Thursday, April 3, 2008

Being Here

The first thing I notice as I fly into Norfolk is the green -- everywhere. Green lawns and green trees, all against a gray, gloomy sky. Rain will be a challenge for us all weekend. Four battles are planned, and we shall see what comes down.

I link up with my roommate and comrade-in-arms at the baggage claim, and we're soon in our way to Suffolk in a Suzuki SUV, big enough to reasonably accommodate our war chests of uniforms and civilian clothes and cameras. My comrade's case is as big as mine, and he's only staying for the weekend. Mine is heavy enough to flirt with Delta's weight limits, meaning I've moved a shaving kit from the main bag to the one with my tricorns. Those are for later.

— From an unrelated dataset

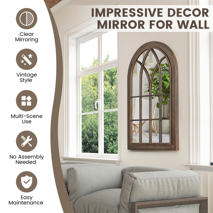 Introducing our beautifully designed arched wall mirror, the perfect addition to enhance any room's aesthetic. Its elegant silhouette and rustic brown hue present a blend of classic charm and modern flair. Crafted with precision, this mirror provides functionality while acting as a stunning decorative piece.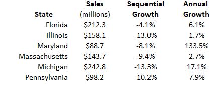 BDSA provides coverage for Florida, Illinois, Maryland, Massachusetts, Michigan and Pennsylvania. In January, year-over-year growth ranged from 1.7% in Illinois to +133.5% in Maryland, which recently introduced adult-use. Note that Florida and Pennsylvania are medical-only markets. Sequential growth was negative in all markets. The annual growth in Florida fell from December and was the lowest yet, and annual growth was meager except in two states.

We're soon on I-64, and after navigating through the Hampton Roads rush hour, we arrive in Suffolk. This is where the history reaches out to us, in the brick homes and humble farmsteads, in the mansions and the churches. The past shades nearly everything except the strip malls and gas stations. Even the drive-through banks elicit the spirit of a burgeoning colony with their stately red veneer. No stucco. No faux adobe.


My companion is flashing back to his youth Pennsylvania. We both keep track of the number of flags we pass outside businesses and homes, especially the Virginia state banners.

"They're still pretty proud," he says.

I can feel it. It's in every flag hanging outside the many homes we pass by. This is America, not Suburbia. Submerged in history, they connect with it in a way people like me can only wonder about in Arizona. It's an honor to live in the land where the colonists first set foot 400 years ago.

We're so wrapped up in the greenery and architecture we miss a turn. Or maybe it misses us. It's a problem easily solved with a laptop and wi-fi in a gas station parking lot where we Google our position and make a course correction. Fifteen minutes later, we're at the hotel.

A quick check-in and we're back on the road to the battlefield, making sure we understand the route and checking out our camp. Tents are plentiful, and a few Confederates are there chopping wood and preparing for a soggy first night in camp.

My comrade and I link up with the rest of the 1st Virginia and venture out to Pizza Hut.

"Mr. Francis is in shorts!" our Captain observes.

My roommate and I are the Odd Couple -- his Felix in shirt, slacks and tie with the Confederate flags next to my Oscar in a 1st Virginia polo, those shorts and a kepi with beat-up tennis shoes.

Everybody's in high spirits, even with the rain pounding down outside, but we don't worry. So what if it's muddy. We're here. Welcome to Virginia!

He smells the hay from a barn near the hotel. The childhood memories embrace him once again. For me, it's not the same as my youth in Missouri -- except for the green and the chilly rain.

Back in the room, we watch Gods and Generals and my comrade looks for a place to hang the Bonnie Blue flag. Running it up the Wendy's flagpole is out of the question for tonight, so we'll just have to make do with what we can.